(Records excerpted from a collection)
== Segment start ==

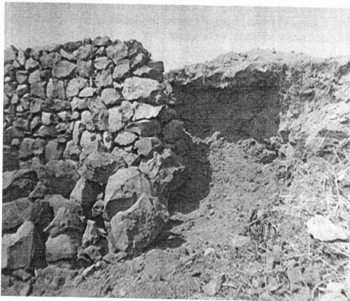
Barda levantada con piedra para delimitar una propiedad ejidal. Nótese al fondo los estratos arqueológicos de un basamento prehispánico.

En alguna ocasión me platicaron que los niños estaban atentos al camino de terracería y en cuanto veían aparecer los carros de los gringos de inmediato se corría la voz: "hay vienen los "moneros", hay vienen los "moneros" y todo aquel que había juntado monitos salía con su bolsita a ofrecerlos.
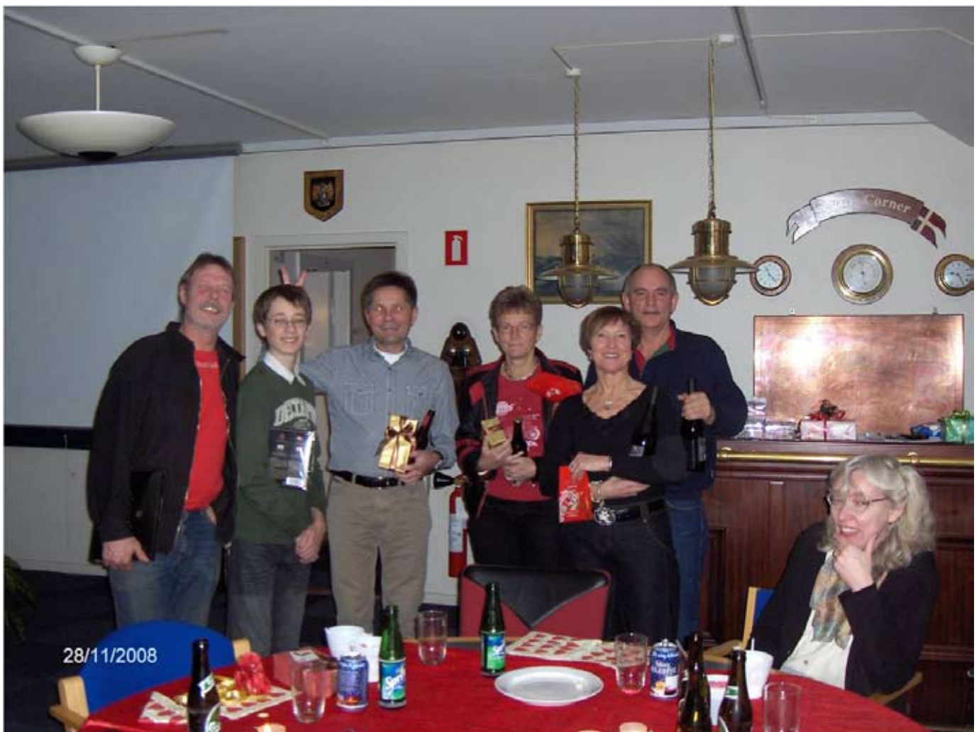
Deltagerne i Juleturneringen
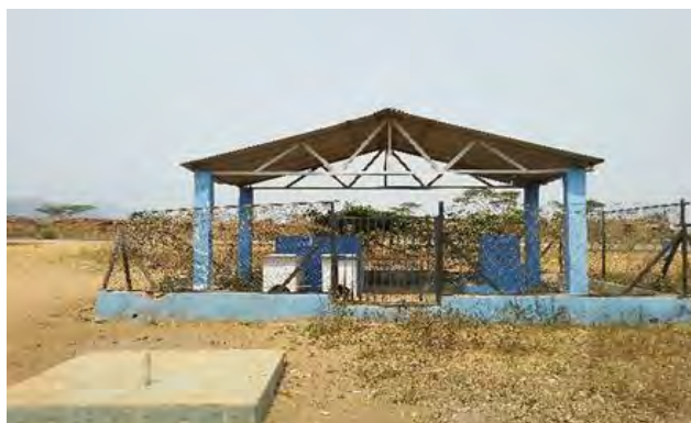
Figura 3: Chafariz
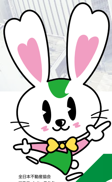
全日本不動産協会 マスコットキャラクター ラビーちゃん
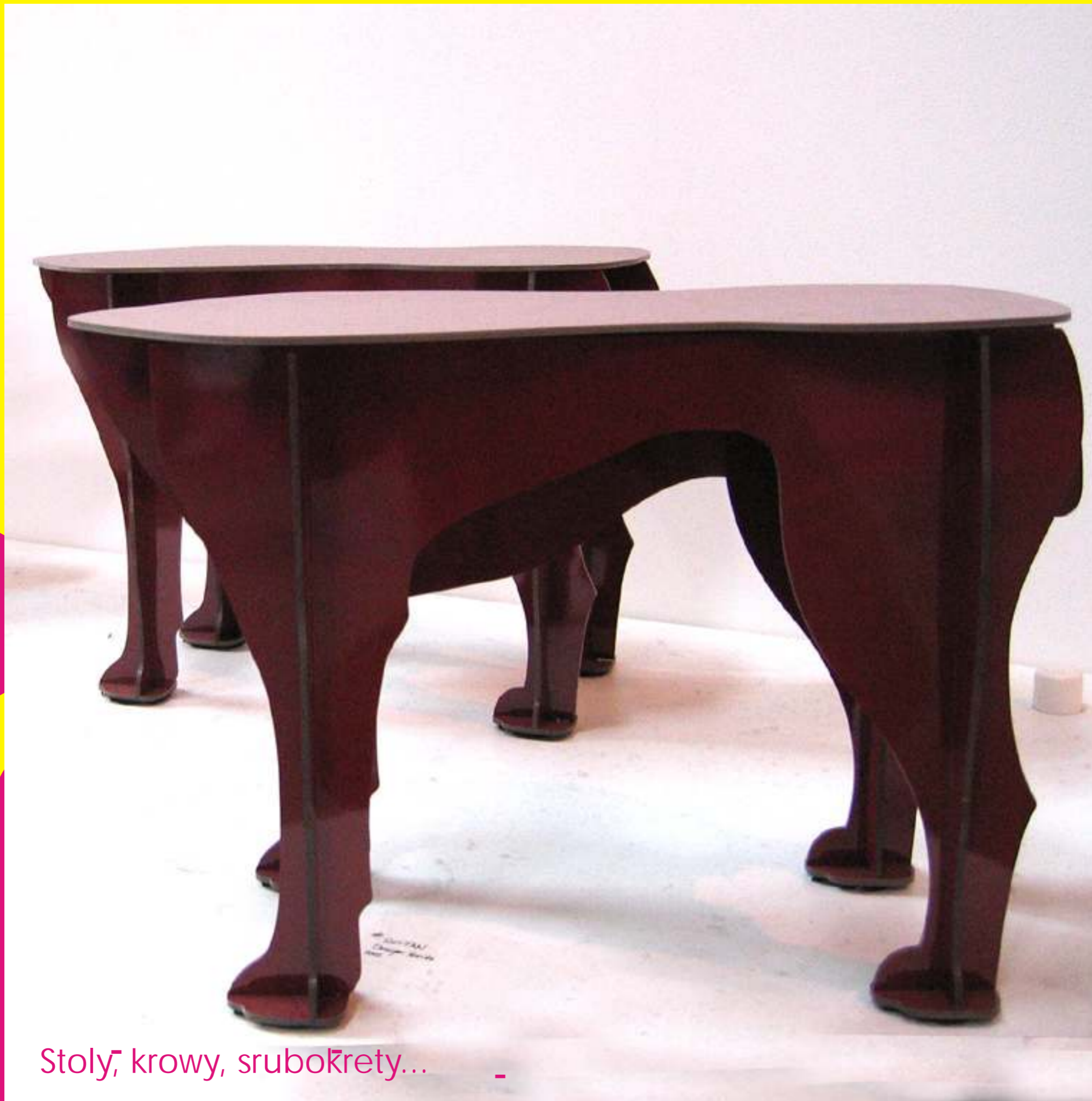
Stoly, krowy, srubokrety...
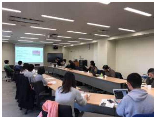
当日の様子（撮影者：新保奈穂美）

引用文献：浅野悟史（2017）、「農村計画学のフロンティア」シリーズを語る—『ラオスの森はなぜ豊かにならないのか—地域情報の抽出と分析』。農村計画学会誌 36(2), 205-206
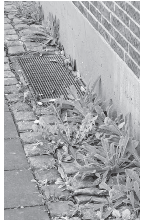
„Mini-Vorgarten“ auf dem Bürgersteig

Seit 2003 gibt es den Unkraut-Ehrentag. Denn das meist unerwünschte Beikraut in Gärten und Feldern ist wichtig im Naturkreislauf. Es bedeckt den Boden und schützt ihn vor Erosion, dient Wildbienen und anderen Arten als Nahrung und Unterschlupf. Da-
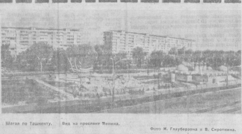
Шагая по Ташкенту. Вид на проспект Ленина.
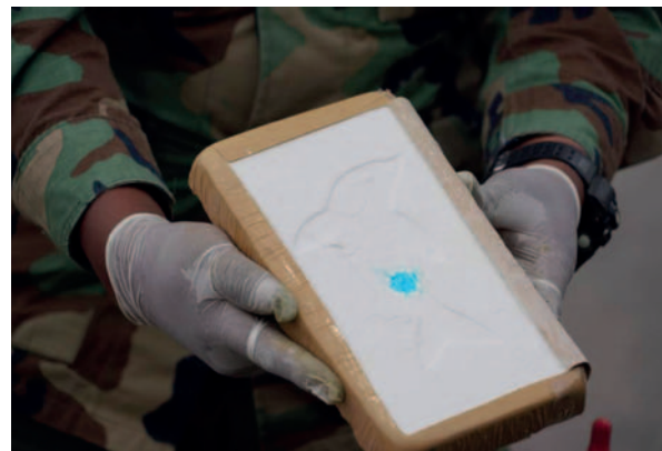
La sustancia controlada cuyo destino era Argentina

dividuos detenidos fueron revisados, no encontrándose registros previos en el sistema. Sin embargo, según información proporcionada por la Felcn, se determinó que la sustancia confiscada estaba destinada a la frontera con Argentina, específicamente a la localidad fronteriza de Villazón, con el propósito
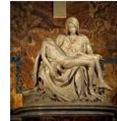
Pietà de Michelangelo.
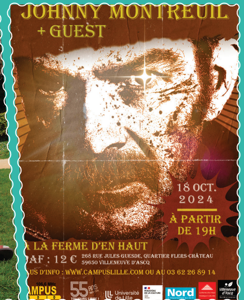
À la ferme en haut le 18 octobre
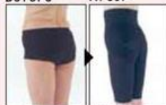
太ももからひざ上まで全体的に包み込むので、同時にパンツスタイルも似合う美脚に。
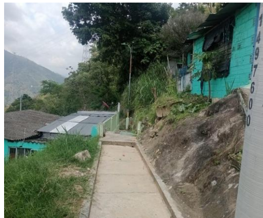
Fotografía 4. Visita técnica barrio La Independencia 2 del municipio de Bucaramanga.
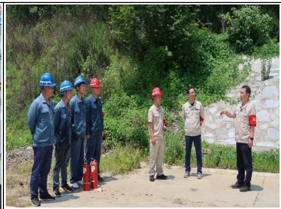
光伏电站消防应急演练
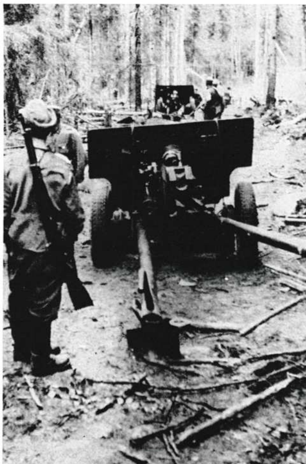
Jatkosodan viimeinen taistelu on päättynyt Ilomantsissa 1944
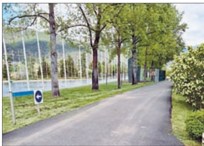
Senyal que indica el sentit del camí

La mesura es va dur a terme després que el passat dilluns es decidís reobrir aquest espai,
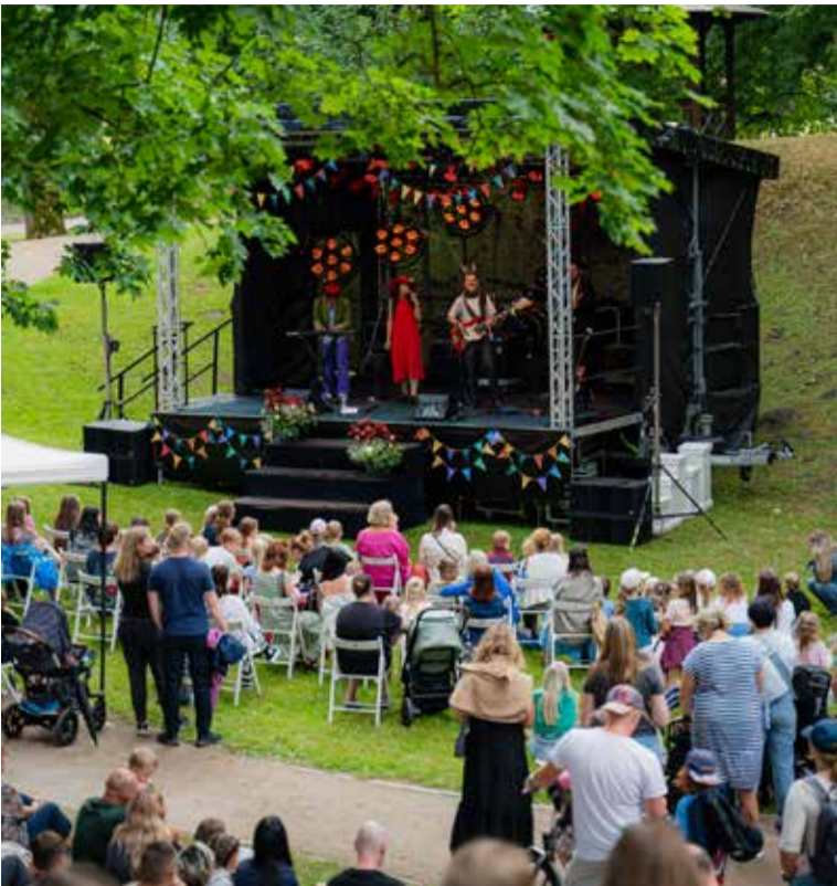
Pilsētas dārzā "Stiga RM" novada bērniem dāvināja bagātīgu kultūras programmu – koncertus, radošo pasaku darbnīcu, burtu spēli, zinātnes teātri, cirka un iluzionista priekšnesumus.
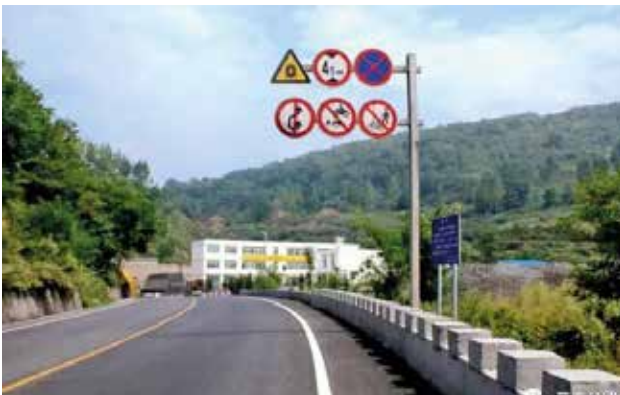
咸阳市公路局负责实施的国省道安全生命防护工程 (咸阳市公路局)

【全省冬季公路除雪保畅工作视频会议召开】 2022年10月31日，省交通运输厅召开2022年冬季全省公路除雪保畅工作视频会议。副厅长杨文奇出席并讲话，厅二级巡视员赵之胜主持会议。会议要求，要周密安排部署、紧盯工作重点，进一步强化工作措施落实；要加强值班值守、强化应急准备，确保公路运行平安顺畅；要加强指挥调度、强化安全意识，确保行业安全形势稳定。会议还对冬季水路交通安全提出要求。会上，省气象局首席专家分析2022年冬季气象形势，并提出防范应对意见；厅公路处对冬季全省公路除雪保畅工作进行安排；陕西交控集团、汉中市交通运输局、榆林市交通运输局、铜川市公路局分管领导做了发言。
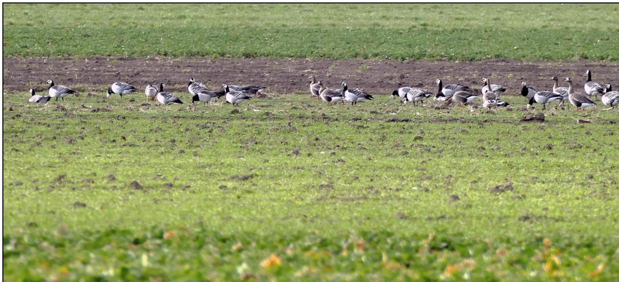
Bernikle białolice w Złakowie Kościelnym

Dolina Przysowy i Słudwi to nie tylko ptaki migrujące – to także teren istotny dla wielu lęgowych gatunków ptaków. Cenne gatunki gniazdujące na tym obszarze to m.in:
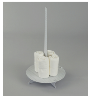
3. Dressez le premier niveau. Commencez par 4 couches autour de l'axe puis complétez autour, et maintenez le tout avec le plus long ruban dès que vous sentez que les couches sur les bords basculent. Une fois consolidé par le ruban, complétez au besoin avec d'autres couches pour bien caler le tout.
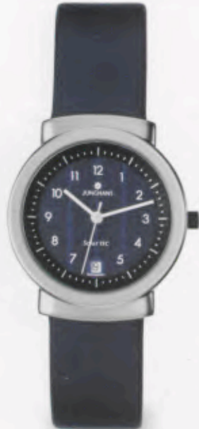
014/1802.00 DM 249,-*
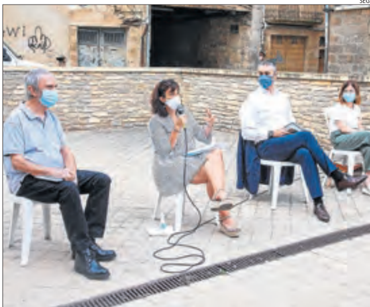
Presentació de l'últim llibre d'Oriol Junqueras a Tàrrrega.
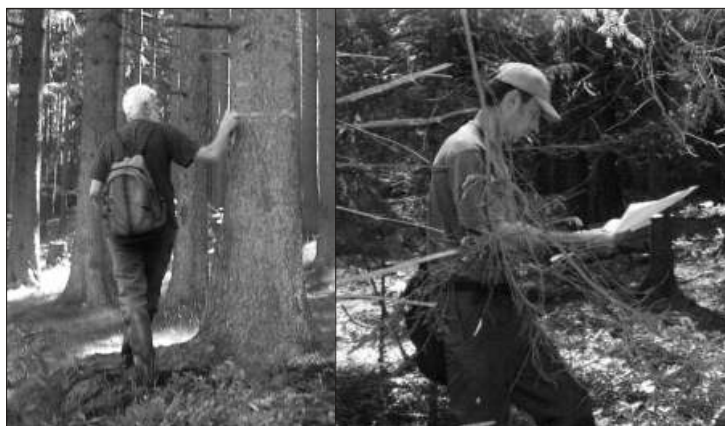
Zeměměřičské práce při přebírání lesního majetku
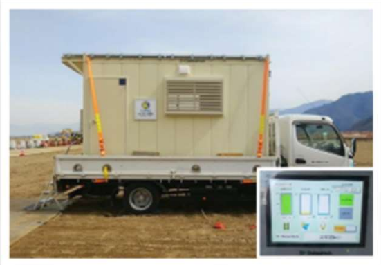
ソーラー発電を利用し 自然エネルギーの活用
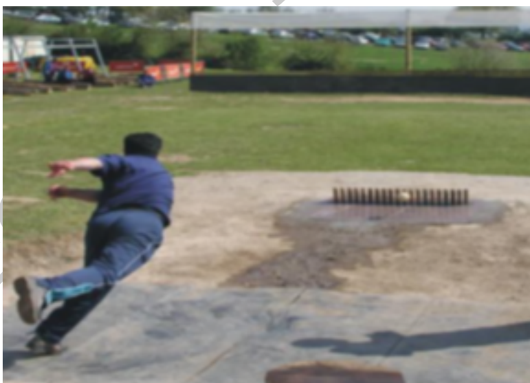
9. Lanzamiento bolo celta

o subir. En la fase de bajar, cada jugador lanzará la bola contra los bolos desde la "poya", con el fin de derribar el mayor número de bolos y pasarlos más allá de la "raya de 10" o pasar un bolo por del
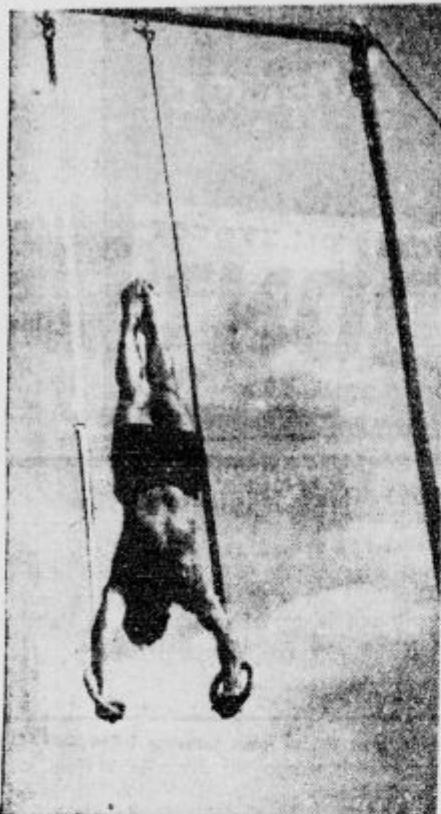
Naši fantje se pridno pripravljajo na velike mednarodne tekme katoliških telovadcev, ki bodo konec junija na ljubljanskem stadionu
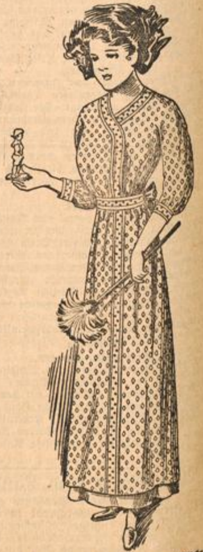
Mod. 792. Kleiderhülle für junge Mädchen.

zogene Häubchen aus weichem Punktmaul wird vorn durch ein doppeltes Spitzenplüsch geziert und ist außerdem mit rotem Seidenband ausgestattet.
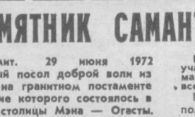
Полицейским террором и массовыми арестами власти Оттавы в составившей в канадской столице выступление сторонников мира.

НА СНИМКЕ: арест участника манифестации в Оттаве.
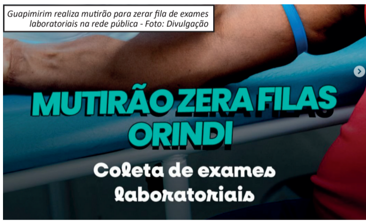
Guapimirim realiza mutirão para zerar fila de exames laboratoriais na rede pública

ma Matrícula Inteligente. A expectativa da Prefeitura é fortalecer a formação educacional da população, ampliando o acesso gratuito ao ensino de línguas estrangeiras e incentivando novas oportunidades acadêmicas e profissionais para os participantes.
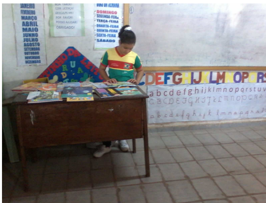
Aluna Selecionando o Livro Que Empréstará Do Cantinho Da Leitura
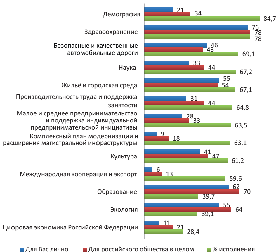
Рисунок 5. Распределение ответов респондентов на вопрос: «Какие национальные проекты, на Ваш взгляд, являются наиболее важными?» в сравнении со степенью исполнения федерального бюджета по национальным проектам на 1 октября 2021 г.

(РФ, % от числа опрошенных; % исполнения расходов федерального бюджета РФ на реализацию национальных проектов в январе-сентябре 2021 года, ранжировано по % исполнения бюджетов).
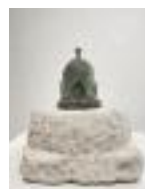
Temple Bronze unique cast 1996 23 x 21 x 21 cm
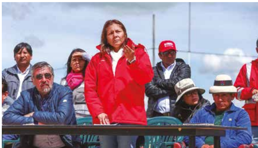
La ministra de Desarrollo e Inclusión Social, Paola Bustamante, anunció que se instalará la mesa técnica de Justicia y Derechos Humanos por el caso del conflicto en Las Bambas

Ante la complejidad de la situación consideramos que lo primero que tiene que hacer el Estado es tratar de entender las distintas tramas que se han venido acumulando. Así como reconocer sus ausencias y errores. Por otro lado, la empresa debería entender que los atajos a los problemas, como propiciar sólo acuerdos económicos y no el restablecimiento de derechos, mantiene la situación de tensión y descontento. Es necesaria una intervención con perspectiva de derechos, que busque profundizar la democracia y que afronte las enormes asimetrías existentes entre los actores. ■
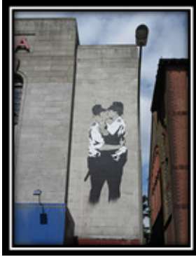
Resim 2. Banksy, "Kissing Coppers", Sprey boya, 2004, Brighton. ( https://www.theartstory.org/artist-banksy-artworks.htm ).

Resim 2’de ise İngiliz üniformalı iki (görünüşte erkek) polis memuru, sevgi dolu kucaklama gibi görünen bir şekilde öpüşmektedir. Eser birçok yönden okunabilir. Örneğin eserin bir yönü ile Banksy, eşcinsel simgeleri yerleştirerek cinsel kimliğe gönderme yapmaktadır. Sıradan vatandaşlardan ziyade, polislerin kullanımı ise ilgi çekicidir. Diğer bir yönü ise polis memurlarının, savunmasız ve samimi bir zamanda gösterdikleri insani bir tarafı vurgular. (Resim 2)

== Segment end ==

What to do: How many lines in the records above contain the word "федерального"? Give only the number.

Exercise result: 2